Depuis quelques années, on additionne à cet examen un « tritest ». Il s’agit d’une prise de sang de la mère faite après consentement des parents (elle n’est donc pas obligatoire) et après une information complète délivrée par l’équipe soignante. Je me souviens qu’on a accepté sans sourciller (je vous rappelle qu’à 3 mois de grossesse, tout allait bien) mais on nous a reposé la question à plusieurs reprises, fait signer une autorisation… Je me souviens aussi avoir dit « mais comment des parents peuvent refuser ce test hyper simple ? ». Quand je regarde dans le rétro, je me rends compte de l’extrémisme dont je faisais preuve à ce moment là, moi qui allais refuser l’amniocentèse…

L’analyse est ensuite envoyée à un laboratoire et l’hôpital reçoit les résultats 2 semaines plus tard. On nous dit que si on ne nous appelle pas, c’est qu’il n’y a pas de problème.

Mon risque (résultat) au tritest était de 1/2806. Là, comme ça, ce chiffre n’est pas clair. Ce qu’il faut savoir c’est que cela devient préoccupant si le résultat approche 1/250 (soit 1 « chance » sur 250 que l’enfant soit trisomique). Si vous approchez de ce risque, une amniocentèse vous est automatiquement proposée. Dans un cas semblable au mien (risque faible), on vous dit « le risque n’est pas égal à zéro (jamais !), mais entre ça et la clarté nucale qui est bonne, on ne vous propose pas d’amniocentèse ».

Pour les grossesses considérées « à risque », c’est donc amniocentèse ou biopsie du thromboblaste (à mes souhaits !). Une fois traduit ca veut dire : on prélève un bout du futur tissu placentaire (le placenta n’apparaît vraiment qu’à la fin du premier trimestre). Pendant qu’il réalise une échographie, le médecin insère une aiguille dans l’abdomen de la mère (parfois en passant par l’utérus) et ponctionne un fragment de tissu du fameux thromboblaste. Le risque de fausse couche dans le cadre de cet examen est de 1% selon les documents médicaux. L’analyse du caryotype de l’enfant est réalisée et les résultats sont ultra fiables ! On parle de ses chromosomes, donc c’est sa carte d’identité en quelque sorte.

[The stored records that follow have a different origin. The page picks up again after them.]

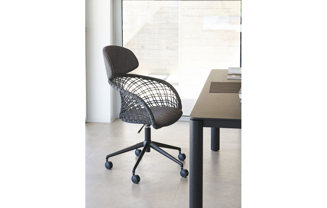 Height-adjustable swivel chair, metal base with wheels. Leather backrest and fabric upholstered seat.Recipient :
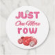 Playful knitting quote design featuring “Just One More Row” in chunky pink knit-style letters above a pile of pink and red yarn balls with knitting needles. Perfect for passionate knitters, crocheters, and yarn lovers who can never stop stitching. Great for cozy crafting vibes on everyday items.
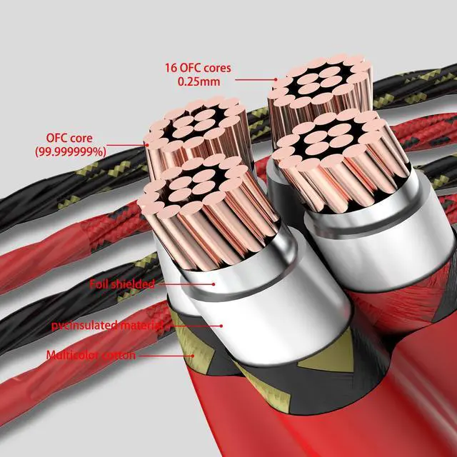 ^^ Handmade by professionals: Each cable is handmade by professionals, ensuring that every connection is precise and secure. The two-color mixed design adds a touch of style and elegance to your audio setup. ^^
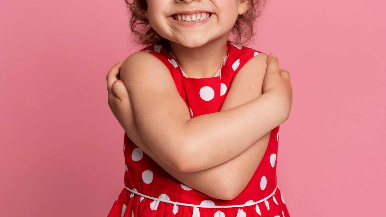 Criança sorrindo em um fundo rosa, com vestidos de bolinhas brancas
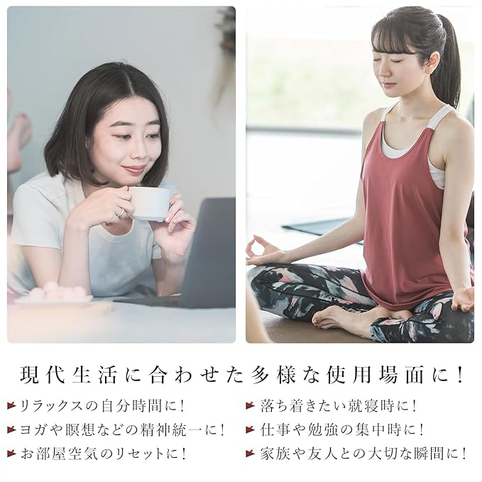 【おすすめ用途】リラックス / 空気リセット / 就寝時 / 勉強時 / 集中時 / デスクワーク / ヨガ / アロマセラピー / 生活臭防止
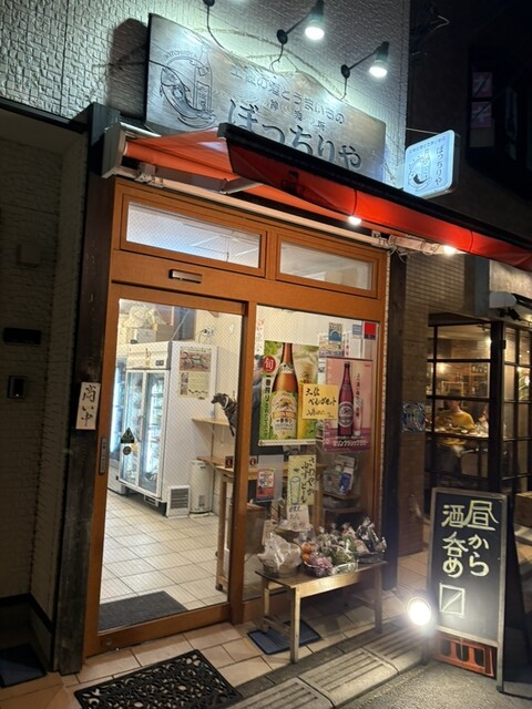 神楽坂駅徒歩5分にある神楽坂 ぼっちりやにて土佐の地酒とつまみ 冷蔵庫左側の立ち飲み用日本酒と、突き当りのショーケースからつまみを選択 閉店間際油の火を消すとのことで四万十川の青のりコロッケを追加
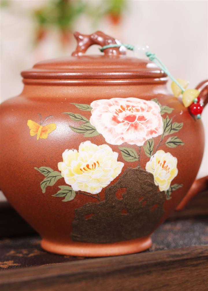原礦降坡泥無塵手工花鳥茶壺POT6605
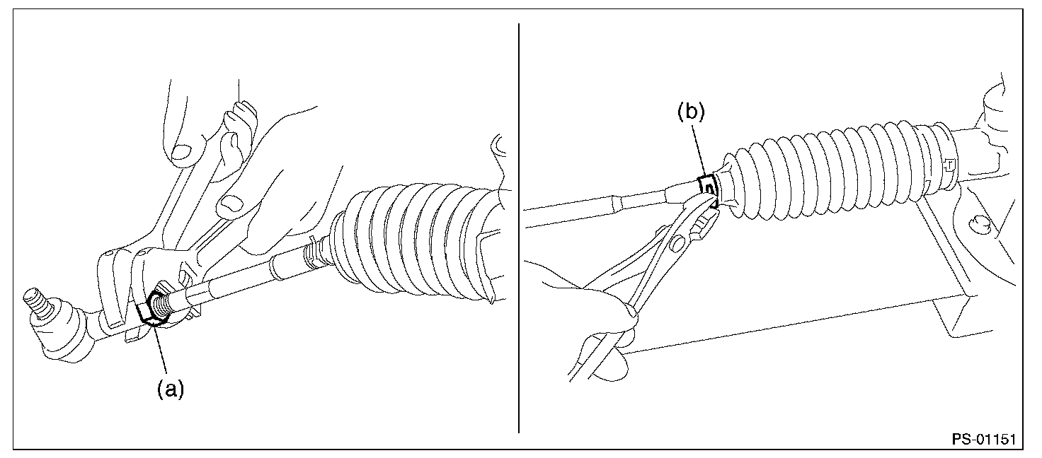 (2) Remove the clip (b) of boot outside using the pliers, and then slide the boot to the tie-rod end side.
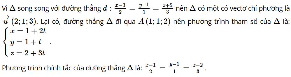 Bài 5.11: Trong không gian Oxyz, viết các phương trình tham số và chính tắc của đường thẳng ∆ đi qua điểm A(1; 1; 2) và song song với đường thẳng

L’amniocentèse apporte le même résultat (une lecture parfaite d’une éventuelle trisomie ou de certaines autres malformations, mais pas toutes) sauf que dans ce cas, on insère une aiguille dans l’abdomen de la mère, on perce la poche (ou sac) amniotique et on prélève un peu de liquide. Cet examen n’est réalisable qu’à partir de la 14ème semaine de grossesse car il faut un minimum de liquide amniotique pour assurer la survie du fœtus (20 ml sont prélevés). Le risque, dans le cadre de cet examen, est de 0,33 à 1% de fausse couche ou de décès du fœtus, lié à une éventuelle naissance prématurée. Elle peut être pratiquée jusqu’à la fin de la grossesse. Je ne sais pas si c’est douloureux (je ne l’ai pas acceptée) mais je crois savoir que le repos est de mise dans les heures et les jours qui suivent car des contractions sont souvent induites suite à cet examen invasif. Les résultats sont en moyenne donnés en 2 semaines sauf si on ne recherche que la Trisomie 21 (3 jours). Mon diagnosticien adoré m’avait aussi dit qu’il pouvait la faire immédiatement (à l’écho du 5ème mois, quand je l’ai rencontré, ou jusqu’au terme, en urgence).

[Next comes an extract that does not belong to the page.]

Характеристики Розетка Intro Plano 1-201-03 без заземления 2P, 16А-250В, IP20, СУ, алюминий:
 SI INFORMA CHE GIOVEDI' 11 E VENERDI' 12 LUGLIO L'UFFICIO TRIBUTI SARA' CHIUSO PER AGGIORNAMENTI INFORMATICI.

En quelques chiffres, on sait aujourd’hui que pour 1 fœtus dépisté, 17 subissent l’un des deux gestes invasifs. On pratique environ 41 000 gestes invasifs par an et 200 à 300 fœtus n’y survivent pas.

Dans mon cas, on avait évoqué la possibilité de l’amniocentèse, non pas pour décider ou non d’interrompre la grossesse mais plutôt à l’approche du terme (vers 8 mois) pour s’informer. Dans le cas où la Trisomie était confirmée, j’avais quelques semaines pour me préparer psychologiquement à cette naissance et cette vie particulière avec un enfant différent. Si c’était négatif, plus de doutes et une fin de grossesse un tant soit peu sereine, malgré les autres soucis qui nous pendaient au nez. Si, au pire, l’examen déclenchait l’accouchement, mon fils était viable et le risque de décès était moindre.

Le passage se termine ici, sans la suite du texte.